• [WHAT YOU HAVE TO DO]: Copy out all lines of the records in which the word "with" appears.

• [DATA FOR REVIEW]:
=== Section Start ===
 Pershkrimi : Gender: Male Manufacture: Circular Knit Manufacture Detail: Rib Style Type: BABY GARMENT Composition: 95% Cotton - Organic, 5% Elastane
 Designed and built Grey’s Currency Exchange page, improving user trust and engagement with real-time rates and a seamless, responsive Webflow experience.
=== Section End ===
=== Section Start ===
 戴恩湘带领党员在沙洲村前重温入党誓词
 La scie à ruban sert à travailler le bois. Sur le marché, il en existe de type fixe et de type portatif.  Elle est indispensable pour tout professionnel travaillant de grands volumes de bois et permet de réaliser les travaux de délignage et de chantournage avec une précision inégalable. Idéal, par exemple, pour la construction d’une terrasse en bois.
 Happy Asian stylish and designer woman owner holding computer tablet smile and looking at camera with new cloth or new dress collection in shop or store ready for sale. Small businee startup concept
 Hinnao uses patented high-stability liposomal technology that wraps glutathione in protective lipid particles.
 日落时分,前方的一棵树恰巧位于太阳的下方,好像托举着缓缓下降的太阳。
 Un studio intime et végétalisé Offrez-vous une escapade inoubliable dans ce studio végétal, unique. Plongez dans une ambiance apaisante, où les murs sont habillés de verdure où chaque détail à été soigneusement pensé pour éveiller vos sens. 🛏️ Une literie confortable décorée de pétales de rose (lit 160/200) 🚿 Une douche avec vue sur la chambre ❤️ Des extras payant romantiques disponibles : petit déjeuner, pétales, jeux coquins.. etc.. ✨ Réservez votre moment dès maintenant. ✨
=== Section End ===
• [RESPONSE FOR THIS EXERCISE]:
 Designed and built Grey’s Currency Exchange page, improving user trust and engagement with real-time rates and a seamless, responsive Webflow experience.
 Happy Asian stylish and designer woman owner holding computer tablet smile and looking at camera with new cloth or new dress collection in shop or store ready for sale. Small businee startup concept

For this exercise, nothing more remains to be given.